What’s the nickel ever given us except those stupid mooks in Nickelback?

Maybe it’s this ineffable quality, a feeling of historical permanence — perhaps of faded glory? — that makes so many people want the little guy to stick around for a while longer. It’s been a part of our lives forever; what would we be like without it?

Richard E. Barber is president of Penny Lovers of America (PLA). He is not funded in any way by the zinc industry. He simply loves the penny — sometimes more than even he can explain.

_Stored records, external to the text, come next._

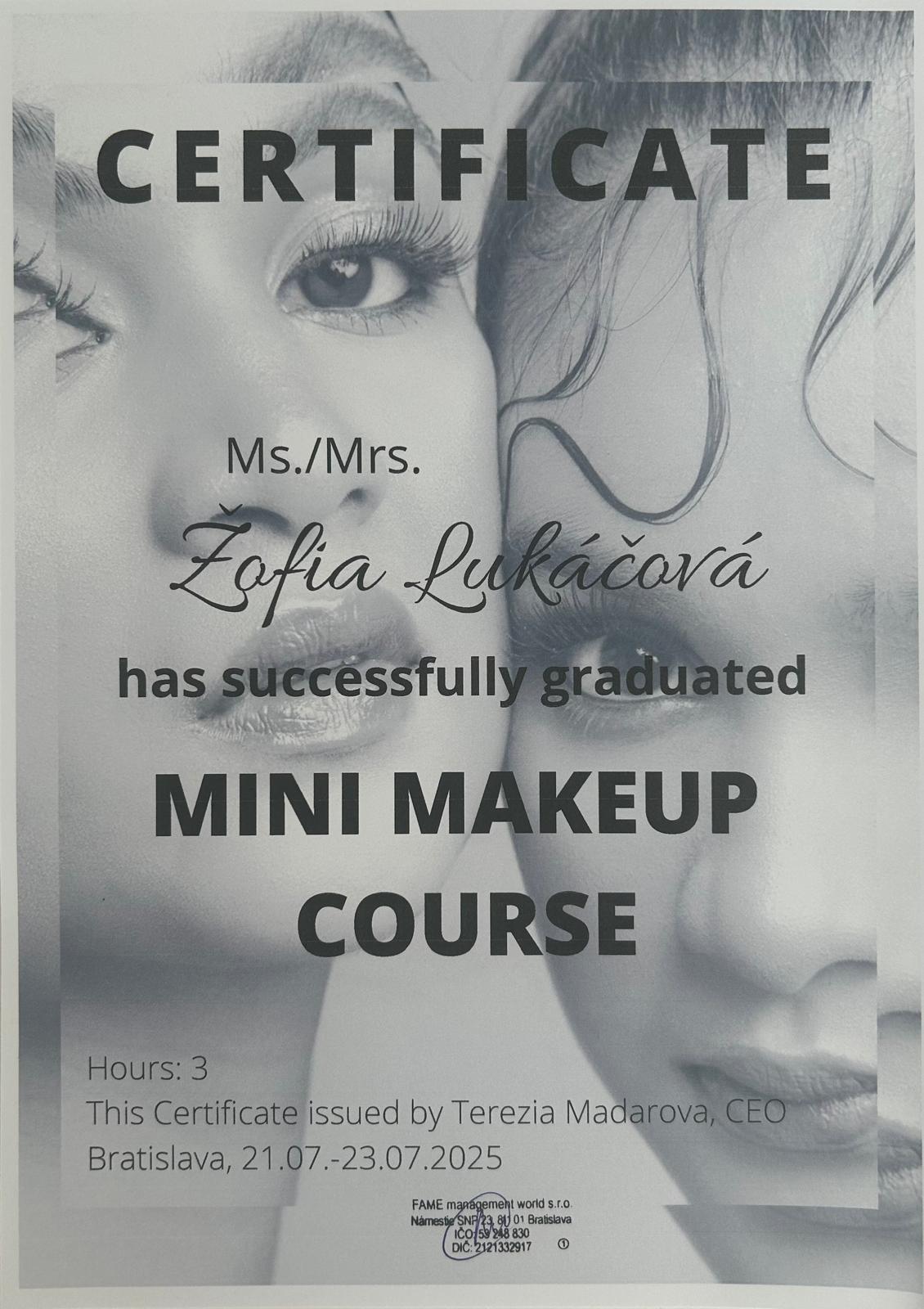 Volám sa Žofia a už viac ako 5 rokov sa venujem tvorbe make-upu a účesov. Mojou vášňou je podčiarknuť prirodzenú krásu každej ženy a vytvoriť look, v ktorom sa bude cítiť sebavedomo a jedinečne. Rada sa postarám o líčenie aj účes na svadby, oslavy, fotenia či iné špeciálne príležitosti.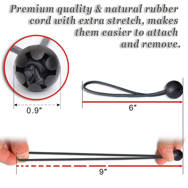 - Bungee cord is 6 inches in length and ball diameter is 1 inch.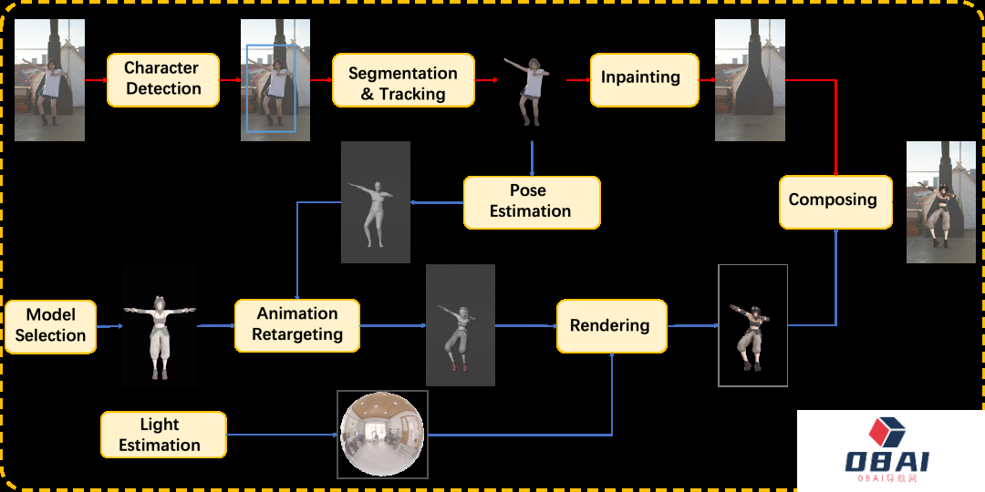 我们可以通过上边这个技术原理分解图,大致了解到,如何使得二次元人物临摹「科目三」舞蹈片,从而得到一段替换人物的跳舞视频。
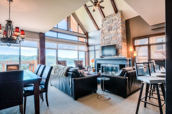 Firstly, the unit itself is fantastic and comfortable, and the walk into the village makes the location very convenient. However, it is important to note that the ski-in/ski-out access was not as convenient as we thought or as described by other reviews. To get to the slopes, you must walk through 2 parking garages roughly 50 yards each in length, and this is tricky using a key to get through doors with ski equipment in hand (using the stairs and path in back of the unit is not really feasible since the stairs are covered in snow). And then, you need to walk up 2 hills, each around 15 feet high, to get to the trail. With ski equipment in hand, this is a challenge to say the least. We were able to do this, but were out of breath by the time we reached the trail to put on our skis. Skiing back in is easier, but still need to walk through the parking garages and doors with ski equipment in hand. Another detail, we were informed a few days before arrival that the hot tub for the building was broken, so we had to walk through these parking garages (and outside for a bit) to get to another building to use their hot tub. This was more annoying than anything else. Otherwise, the unit itself was great and we enjoyed our stay. Another awesome detail: storing skiis and boots in the "mudroom" outside the elevator before entering the unit was great.

When the New Jersey philanthropist, now 67, was three or four years old, he swallowed five pennies, one after another. That would be easy to ascribe to the actions of a curious toddler if it weren’t for the night, 42 years later, when Barber was awoken at 2 am by “the Hand of God” and mystically compelled to write the words A PENNY SPEAKS. Which in turn led to the “burning desire to unite . . . non-productive, abused and seemingly worthless pennies to make positive contributions to society and improve the conditions and the quality of life for our people.”

Yes, he says, it may sound strange but, in some regards, “I see this as a divine calling.” Since that night in 1984, Barber has raised thousands of dollars for at-need kids through his Penny Lovers National Scholarship Fund. Along the way, he’s gotten people like Colin Powell and the late Ozzie Smith to help his cause. In a video on the PLA site, Smith reads a stirring Martin Luther King–esque peroration: “Give the Penny Lovers of America your isolated, abused and trampled on, lonely and hidden pennies yearning to be loved and useful. . . . The answer is in unity, for in unity there is strength, and through strength there can be great and significant achievements. Therefore, pennies of the world, let us unite and we will become a powerful and creative economic force!”